Guideline-Based Recommendations

Diagnosis

  • Perform clinical assessment including prior operation notes and surgical approach.
  • Use radiographic imaging to evaluate fracture characteristics, implant loosening, and osteolysis.
  • Apply the Vancouver Classification System for fracture categorization.

Management

  • Management options range from non-operative treatment to open reduction and internal fixation (ORIF) or prosthesis revision depending on fracture type and implant status.

Monitoring & Follow-up

  • Monitor radiographic features closely to detect implant loosening or osteolysis that may influence treatment decisions.

Risks

  • Delayed or incomplete radiographic reporting can lead to delayed diagnosis and inappropriate treatment.
  • Variability in fracture patterns and implant types complicate diagnosis and management.

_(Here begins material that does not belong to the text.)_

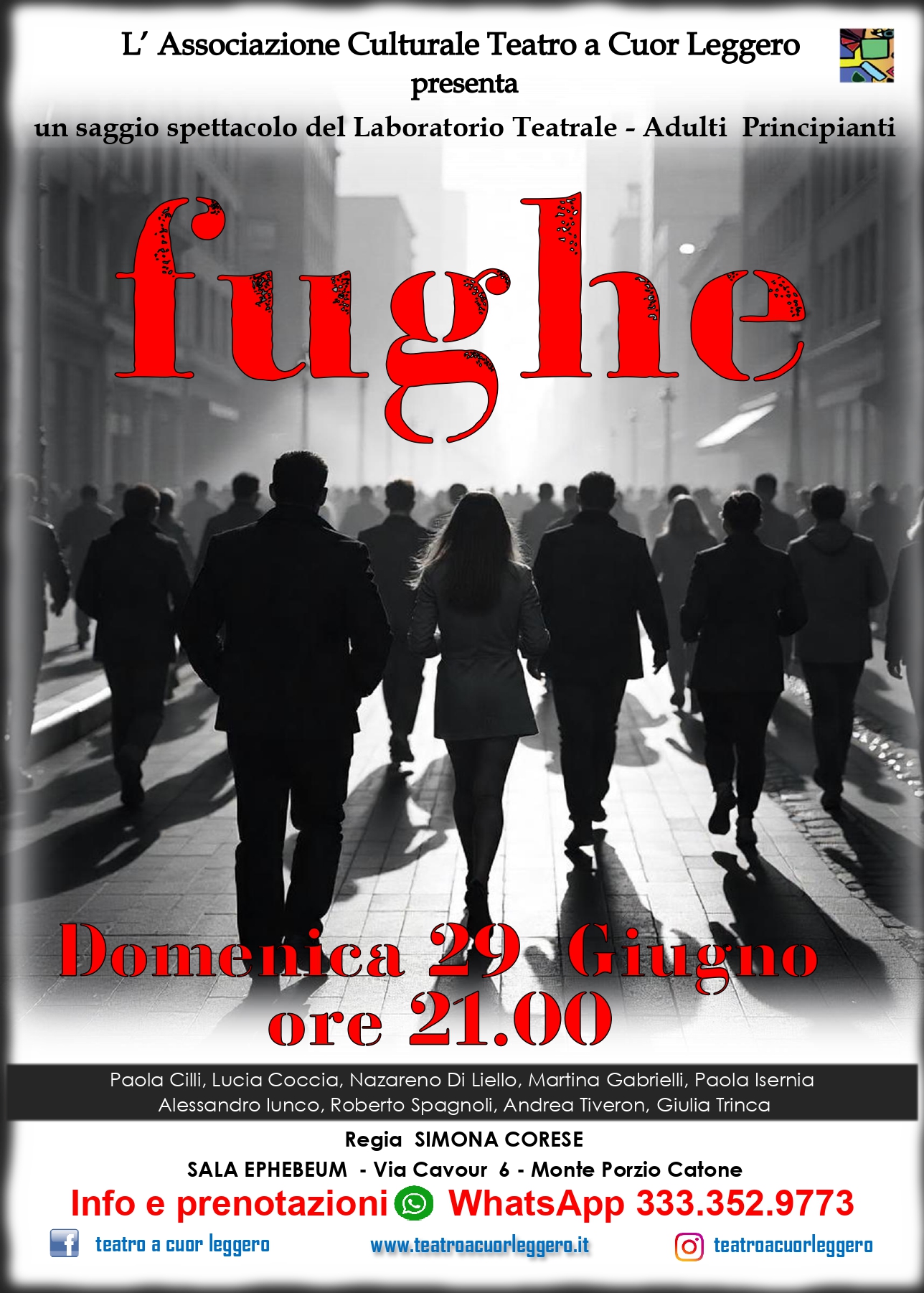 Si comunica che in data 29 giugno 2025 alle ore 21.00 si terrà un saggio spettacolo del Laboratorio Teatrale- Adulti Principianti a cura dell’ Associazione Teatro a Cuor Leggero, presso la sala Ephebeum sita in Via Cavour n. 6.

Patient & Prescribing Data

Elderly patients with total hip replacements experiencing peri-prosthetic femoral fractures

Treatment is individualized based on fracture classification and implant stability; surgical intervention is common for unstable fractures.

Clinical Best Practices

  • Ensure comprehensive radiographic evaluation including all relevant fracture features to avoid delayed diagnosis.
  • Use the Vancouver Classification System to guide surgical decision-making.
  • Incorporate advanced imaging analysis and emerging deep learning tools to improve fracture detection and classification accuracy.
  • Consider patient-specific factors such as bone quality and implant type in management planning.